Tournament information
- Dates: 3 October 1884
- Location: Prestwick, South Ayrshire, Scotland
- Course: Prestwick Golf Club

Statistics
- Field: 28 players
- Prize fund: £20
- Winner's share: £8

Champion
- Jack Simpson
- 160

= 1884 Open Championship =

The 1884 Open Championship was the 24th Open Championship, held 3 October at Prestwick Golf Club in Prestwick, South Ayrshire, Scotland. Jack Simpson won the Championship by four strokes, ahead of runners-up Willie Fernie and Douglas Rolland.

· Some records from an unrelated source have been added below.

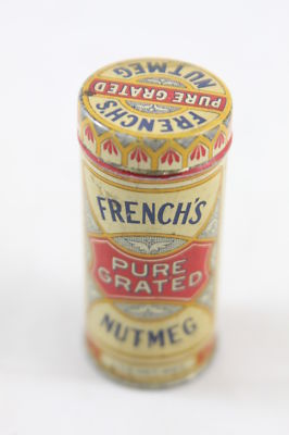 Title (ebay affiliate link): VINTAGE FRENCH'S ADVERTISING PURE GRATED NUTMEG LITHO ENAMEL LABEL SPICE TIN CAN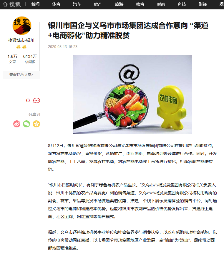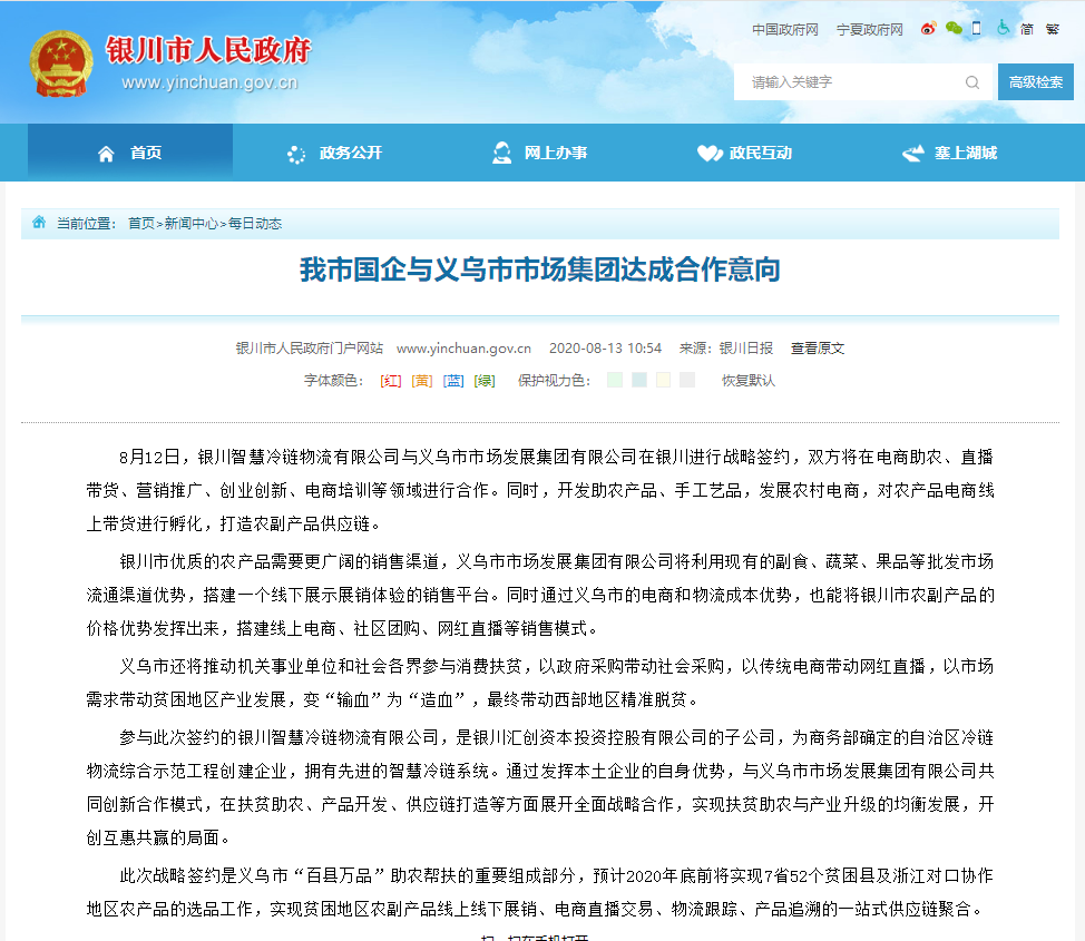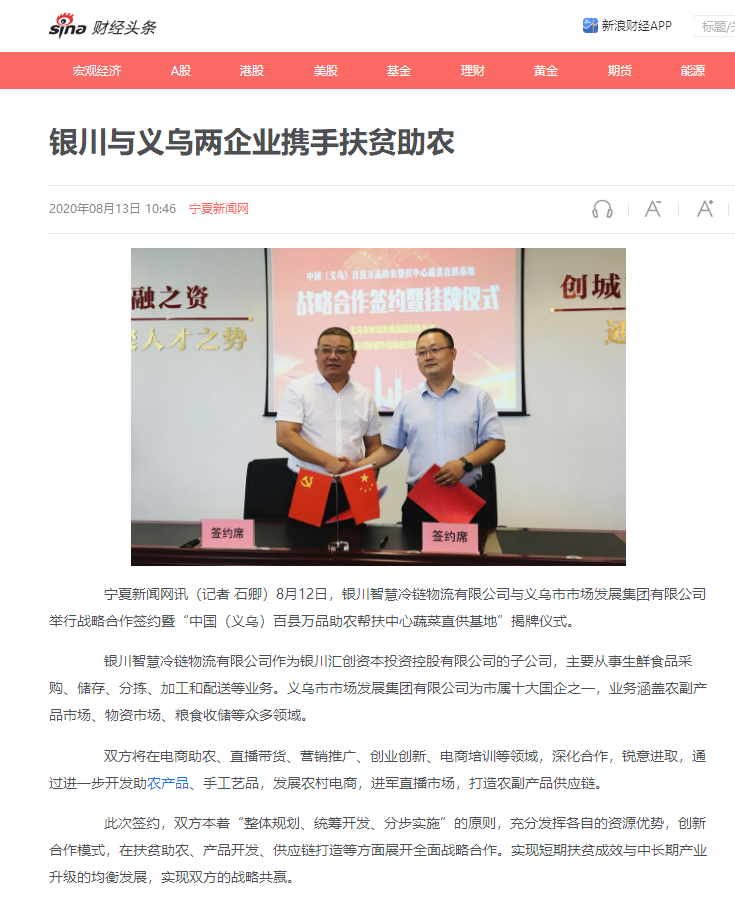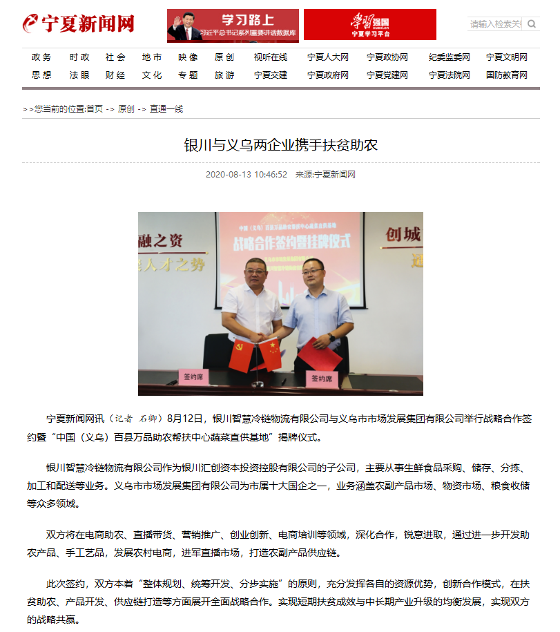 银川智慧冷链物流有限公司作为汇创资本的子公司,主要从事生鲜食品的采购、储存、分拣、加工和配送等业务,一直以来致力于通过“安全采购+网络平台+冷链配送+线下实体+线上服务”的全产业链服务模式,打造设施先进、上下游衔接、功能完善、标准健全的农产品冷链物流服务体系。此次战略签约是义乌市“百县万品”助农帮扶的重要组成部分,更是银川智慧冷链物流有限公司进军直播市场助农帮扶、推进农产品供应链体系建设、提升农副产品服务水平的重要举措,双方的合作对助力打赢脱贫攻坚战,实现短期扶贫成效与中长期产业升级的均衡发展具有重要意义,受到了媒体的争相报道和社会各界的广泛关注,宁夏广播电视台、宁夏新闻网、银川日报、银川晚报等区内主要媒体对签约仪式进行了报道,搜狐网、新浪网等媒体第一时间进行了转载,银川市人民政府等单位官方网站也对相关情况进行了广泛宣传和推广。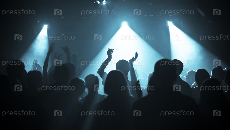Силуэты танцующей толпы на рок-концерте
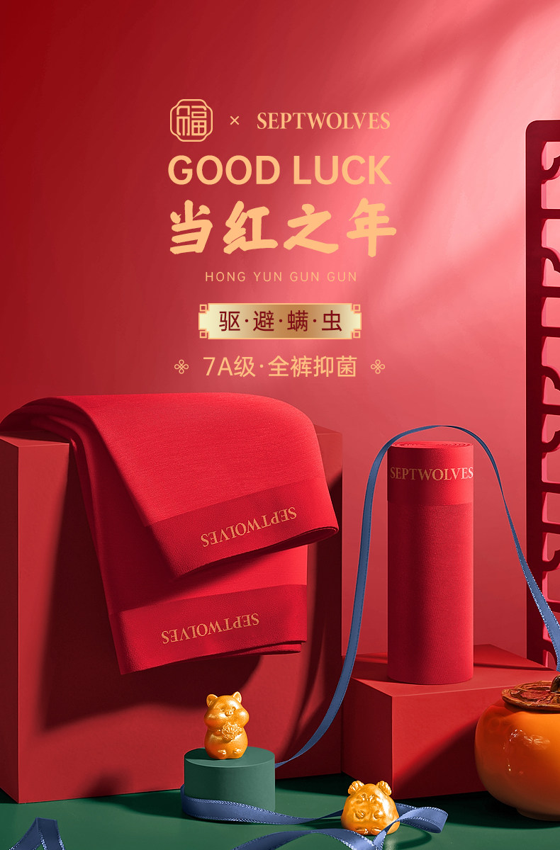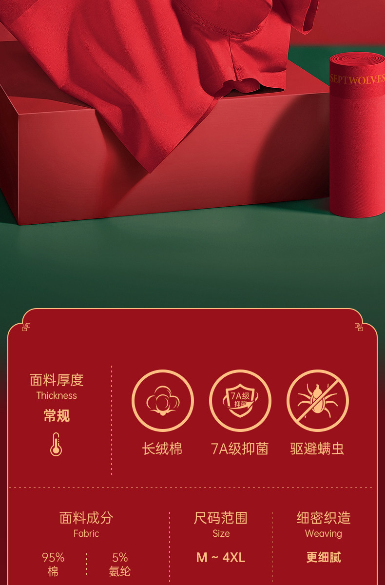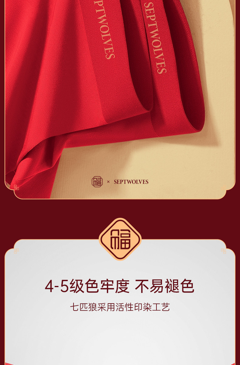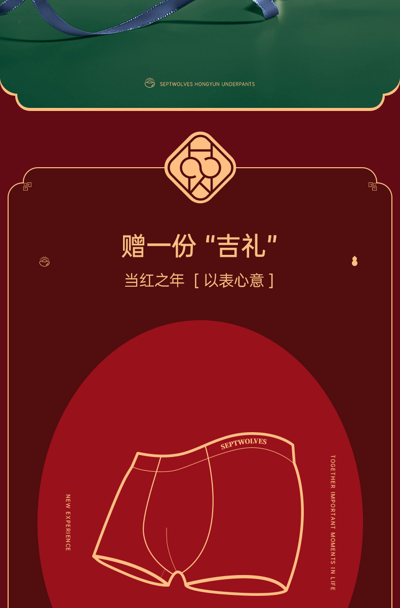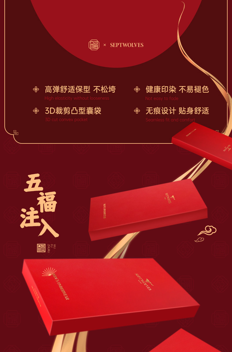 Septwolves Year of the Horse Zodiac Year Gift Men's Underwear Socks Pure Cotton Boxer Shorts Bright Red All-Cotton Boxer Briefs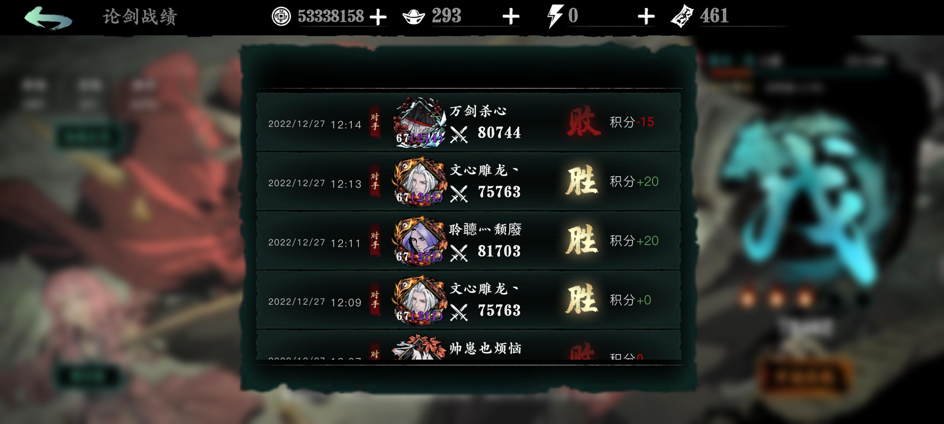 一般来说,一天五把 但有的时候一气一上头就会多打几把,导致胜率咔咔往下掉,从70——62,在我看来更多还是看运气。轻语大家都说很强势云云,但是在我看来也就一般,真的一般,看论剑榜就能看出来了,第一虽然是轻语,但其实和轻语并无太大关系(普攻套狗都能用)我虽然练度一般,但应该也到了平均水平 我来说一下对于几个主流论剑职业的看法: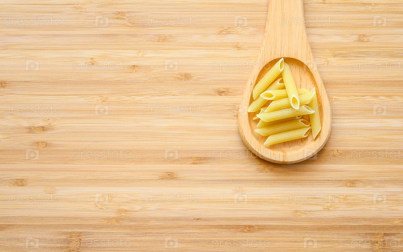 Деревянная ложка с макаронами лежит на деревянной доске. Слева от ложки есть пустое место для текста. Концепция рецепта приготовления пасты

This was the first Open Championship to be played at Prestwick after it had been extended from 12 to 18 holes in 1882. The contest was still over 36 holes but consisted of two 18-hole rounds rather than three 12-hole rounds.

Conditions were difficult with a strong wind. Simpson, one of the early starters, had the best score in both rounds and was the surprise winner. Fernie and Rolland were joint second and shared the second and third prizes.

==Final leaderboard==
Source:

Friday, 3 October 1884

| Place | Player | Score | Money |
| 1 | SCO Jack Simpson | 78-82=160 | £8 |
| T2 | SCO Willie Fernie | 80-84=164 | £4 |
| SCO Douglas Rolland | 81-83=164 |
| T4 | SCO Willie Campbell | 84-85=169 | £1 |
| SCO Willie Park Jr. | 86-83=169 |
| 6 | SCO Ben Sayers | 83-87=170 | £1 |
| T7 | SCO Tom Dunn | 171 | 10s |
| SCO George Fernie | 171 |
| T9 | SCO Peter Fernie | 172 |  |
| SCO Jack Kirkaldy | 172 |

Individual round scores are only known for the leading six players.